In the Three Stooges movie, “The Outlaws is Coming”, he played Jesse James. Mack appeared in a total of seven movies, including “The Killer Bees” and “Pretty Baby” (minor roles).

As in most early day television stations, he played several on-screen parts, including co-host of the “Midday" show, an electronic magazine program, as well as sportscasting in the local evening news. Mack also called radio play-by-play of the New Orleans Saints from 1975 to 1981. A flavor for Mack's broadcast style is provided by WDSU-TV, for whom Mack also served as sports director. Additionally, he was at times a broadcaster for Tulane University college football games with fellow sportscaster Bruce Miller. Following Mack's tenure at WDSU-TV, he served as sports director at radio station WGSO-AM, and he was spokesman for French Quarter bar Pat O'Brien's.
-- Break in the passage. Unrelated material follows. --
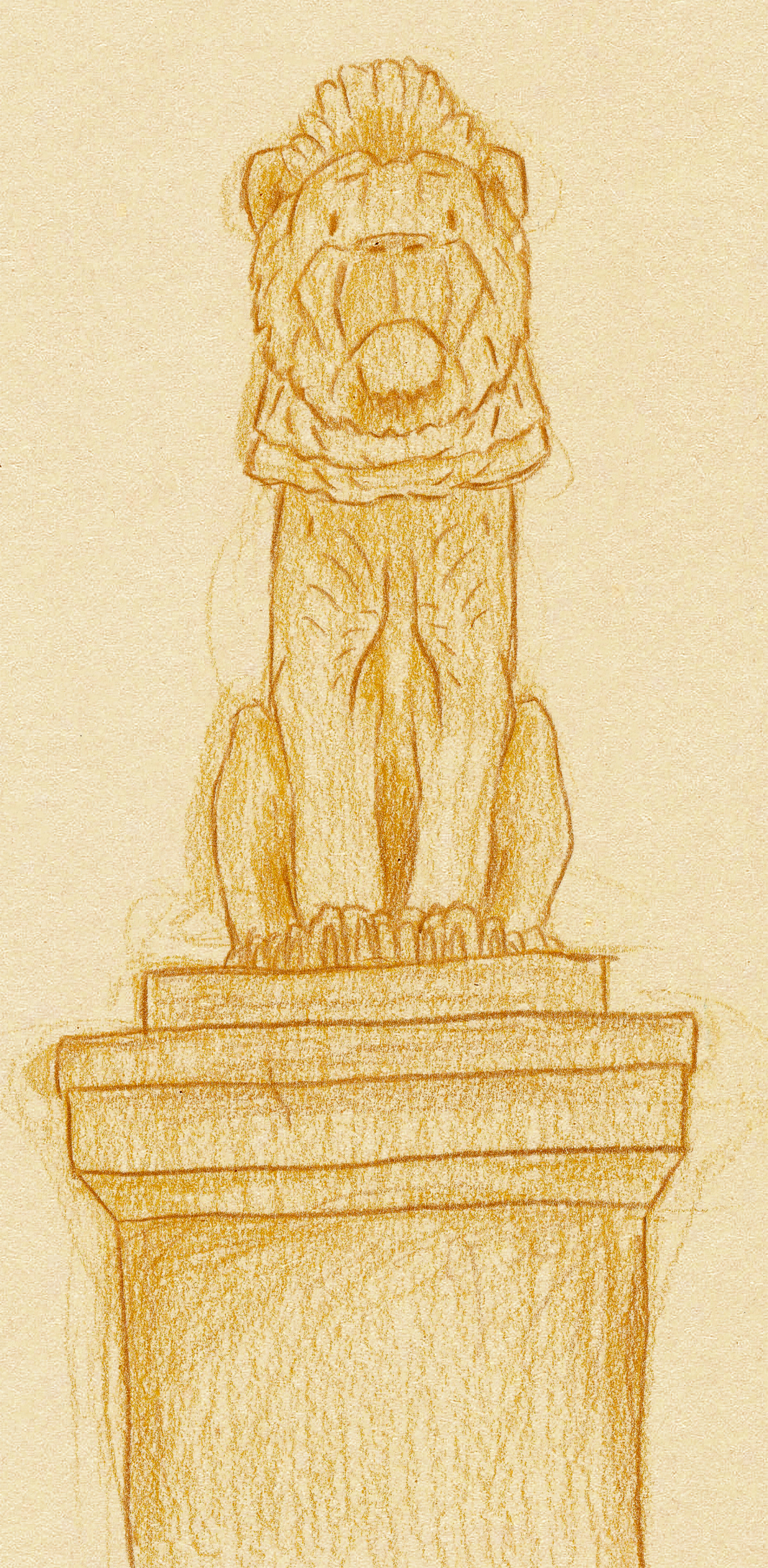 Lion Statue in Bristol Museum and Art gallery, part of a selection of live drawings during a visit to the establishment. Coloured pencil digitally layered on sugar paper.

==Legacy as a sportscaster==
Mack, together with fellow New Orleans sportscasters Hap Glaudi and Buddy Diliberto, provided the New Orleans television market with a unique and distinctive repertoire of sports broadcasters. The three New Orleans sportscasters were discussed together by New Orleans journalist Bill Baumgarner. Mack was posthumously named to the Greater New Orleans Broadcasters Hall of Fame. Mack authored a book detailing the early history of the New Orleans Saints professional football team. On July 13, 1993, Mack was also posthumously given the Fleur De Lis Award by the New Orleans Saints and admitted to their team's Hall of Fame.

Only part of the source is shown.